Early years of his ministry

After Baháʼu'lláh died on 29 May 1892, the Will and Testament of Baháʼu'lláh named ʻAbdu'l-Bahá as Centre of the Covenant, successor and interpreter of Baháʼu'lláh's writings.

Baháʼu'lláh designates his successor with the following verses:

This translation of the Kitáb-i-ʻAhd is based on a solecism, however, as the terms Akbar and Aʻzam do not mean, respectively, 'Greater' and 'Most Great'. Not only do the two words derive from entirely separate triconsonantal roots (Akbar from k-b-r and Aʻzam from ʻ-z-m), but the Arabic language possesses the elative, a stage of gradation, with no clear distinction between the comparative and superlative. In the Will and Testament ʻAbdu'l-Bahá's half-brother, Muhammad ʻAlí, was mentioned by name as being subordinate to ʻAbdu'l-Bahá. Muhammad ʻAlí became jealous of his half-brother and set out to establish authority for himself as an alternative leader with the support of his brothers Badiʻu'llah and Ḍíyáʼu'llah. He began correspondence with Baháʼís in Iran, initially in secret, casting doubts in others' minds about ʻAbdu'l-Bahá. While most Baháʼís followed ʻAbdu'l-Bahá, a handful followed Muhammad ʻAlí including such leaders as Mirza Javad and Ibrahim George Kheiralla, an early Baháʼí missionary to America.

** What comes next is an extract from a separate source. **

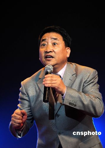 全國(guó)政協(xié)委員、著名相聲表演藝術(shù)家姜昆表演相聲。中新社發(fā) 宋健浩 攝

Muhammad ʻAlí and Mirza Javad began to openly accuse ʻAbdu'l-Bahá of taking on too much authority, suggesting that he believed himself to be a Manifestation of God, equal in status to Baháʼu'lláh. It was at this time that ʻAbdu'l-Bahá, to provide proof of the falsity of the accusations leveled against him, in tablets to the West, stated that he was to be known as "ʻAbdu'l-Bahá" an Arabic phrase meaning the Servant of Bahá to make it clear that he was not a Manifestation of God, and that his station was only servitude. ʻAbdu'l-Bahá left a Will and Testament that set up the framework of administration. The two highest institutions were the Universal House of Justice, and the Guardianship, for which he appointed Shoghi Effendi as the Guardian. With the exception of ʻAbdu'l-Bahá and Shoghi Effendi, Muhammad ʻAlí was supported by all of the remaining male relatives of Baháʼu'lláh, including Shoghi Effendi's father, Mírzá Hádí Shírází. However Muhammad ʻAlí's and his families statements had very little effect on the Baháʼís in general – in the ʻAkká area, the followers of Muhammad ʻAlí represented six families at most, they had no common religious activities, and were almost wholly assimilated into Muslim society.

First Western pilgrims 

By the end of 1898, Western pilgrims started coming to Akka on pilgrimage to visit ʻAbdu'l-Bahá; this group of pilgrims, including Phoebe Hearst, was the first time that Baháʼís raised up in the West had met ʻAbdu'l-Bahá. The first group arrived in 1898 and throughout late 1898 to early 1899 Western Baháʼís sporadically visited ʻAbdu'l-Bahá. The group was relatively young containing mainly women from high American society in their 20s. The group of Westerners aroused suspicion for the authorities, and consequently ʻAbdu'l-Bahá's confinement was tightened. During the next decade ʻAbdu'l-Bahá would be in constant communication with Baháʼís around the world, helping them to teach the religion; the group included May Ellis Bolles in Paris, Englishman Thomas Breakwell, American Herbert Hopper, French , Susan Moody, Lua Getsinger, and American Laura Clifford Barney. It was Laura Clifford Barney who, by asking questions of ʻAbdu'l-Bahá over many years and many visits to Haifa, compiled what later became the book Some Answered Questions.

Ministry, 1901–1912

During the final years of the 19th century, while ʻAbdu'l-Bahá was still officially a prisoner and confined to ʻAkka, he organized the transfer of the remains of the Báb from Iran to Palestine. He then organized the purchase of land on Mount Carmel that Baháʼu'lláh had instructed should be used to lay the remains of the Báb, and organized for the construction of the Shrine of the Báb. This process took another 10 years. With the increase of pilgrims visiting ʻAbdu'l-Bahá, Muhammad ʻAlí worked with the Ottoman authorities to re-introduce stricter terms on ʻAbdu'l-Bahá's imprisonment in August 1901. By 1902, however, due to the Governor of ʻAkka being supportive of ʻAbdu'l-Bahá, the situation was greatly eased; while pilgrims were able to once again visit ʻAbdu'l-Bahá, he was confined to the city. In February 1903, two followers of Muhammad ʻAlí, including Badiʻu'llah and Siyyid ʻAliy-i-Afnan, broke with Muhammad ʻAli and wrote books and letters giving details of Muhammad ʻAli's plots and noting that what was circulating about ʻAbdu'l-Bahá was fabrication.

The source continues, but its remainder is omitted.